* _DATASET EXCERPT_:
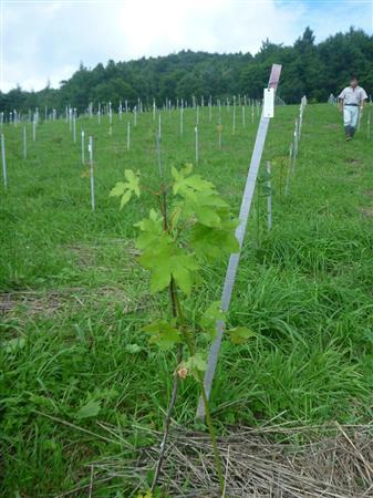 ゼブラが「里親」として成長を見守る苗木の1本=2014年8月、岩手県宮古市【拡大】
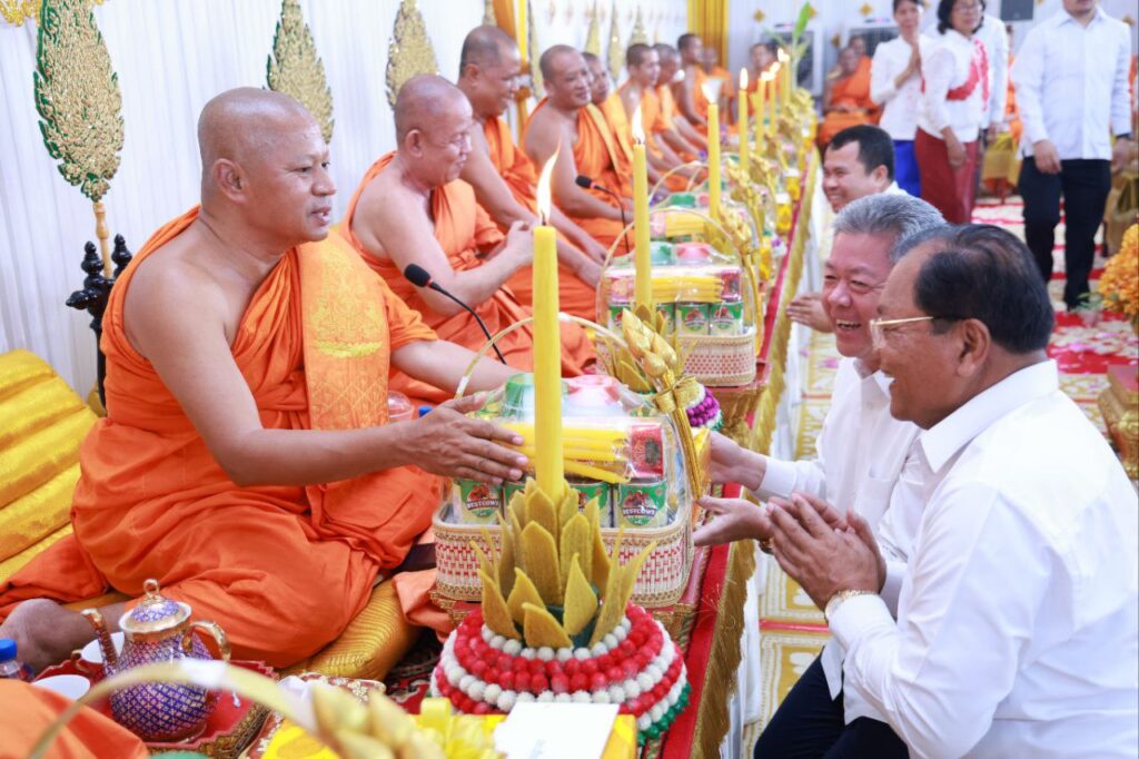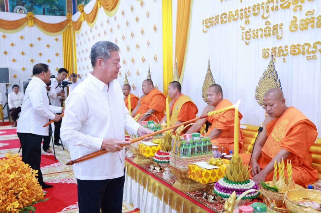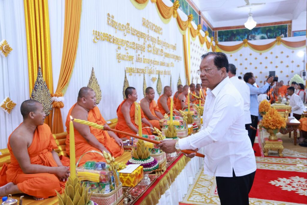 ខេត្តកណ្ដាល ៖ រសៀលថ្ងៃទី០៦ ខែមេសា ឆ្នាំ២០២៥ ឯកឧត្ដម នូ សាខន ប្រធានក្រុមប្រឹក្សាខេត្តកណ្ដាល និងឯកឧត្ដម គួច ចំរើន អភិបាល នៃគណៈអភិបាលខេត្តកណ្ដាល បានអញ្ជើញចូលរួមក្នុងពិធីបុណ្យទីឃាយុវឌ្ឍនៈ មង្គល និងស្រង់ព្រះសុគន្ធវារី ប្រគេនសម្តេចព្រះឧត្តមមុនី ជា សំអាង ព្រះមេគណខេត្តកណ្តាល និងជាព្រះចៅអធិរាជវត្តសុវណ្ណវារី ហៅវត្តព្រែកតាទែន ស្ថិតនៅឃុំព្រែកតាទែន ស្រុកពញាឮ ខេត្តកណ្តាល។
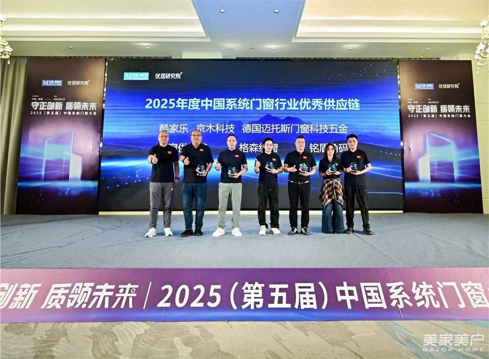 邁托斯門窗科技五金獲“2025年度中國系統門窗行業優秀供應鏈”殊榮
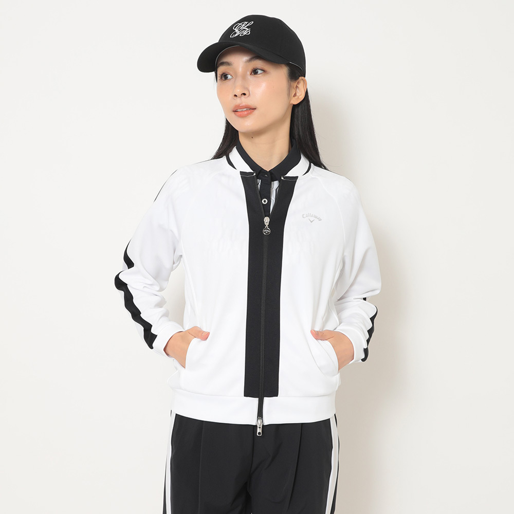 袖、フロント、襟リブに配色デザインを加え、スポーツテイストに仕上げました。ジップのオリジナルロゴスライダーがアクセントです。

* _WHAT YOU ARE ASKED TO DO_:
In full and without any pictures, print the listing above exactly.

* _ANSWER TO THE EXERCISE_:
 ゼブラが「里親」として成長を見守る苗木の1本=2014年8月、岩手県宮古市【拡大】
 ខេត្តកណ្ដាល ៖ រសៀលថ្ងៃទី០៦ ខែមេសា ឆ្នាំ២០២៥ ឯកឧត្ដម នូ សាខន ប្រធានក្រុមប្រឹក្សាខេត្តកណ្ដាល និងឯកឧត្ដម គួច ចំរើន អភិបាល នៃគណៈអភិបាលខេត្តកណ្ដាល បានអញ្ជើញចូលរួមក្នុងពិធីបុណ្យទីឃាយុវឌ្ឍនៈ មង្គល និងស្រង់ព្រះសុគន្ធវារី ប្រគេនសម្តេចព្រះឧត្តមមុនី ជា សំអាង ព្រះមេគណខេត្តកណ្តាល និងជាព្រះចៅអធិរាជវត្តសុវណ្ណវារី ហៅវត្តព្រែកតាទែន ស្ថិតនៅឃុំព្រែកតាទែន ស្រុកពញាឮ ខេត្តកណ្តាល។
 邁托斯門窗科技五金獲“2025年度中國系統門窗行業優秀供應鏈”殊榮
 袖、フロント、襟リブに配色デザインを加え、スポーツテイストに仕上げました。ジップのオリジナルロゴスライダーがアクセントです。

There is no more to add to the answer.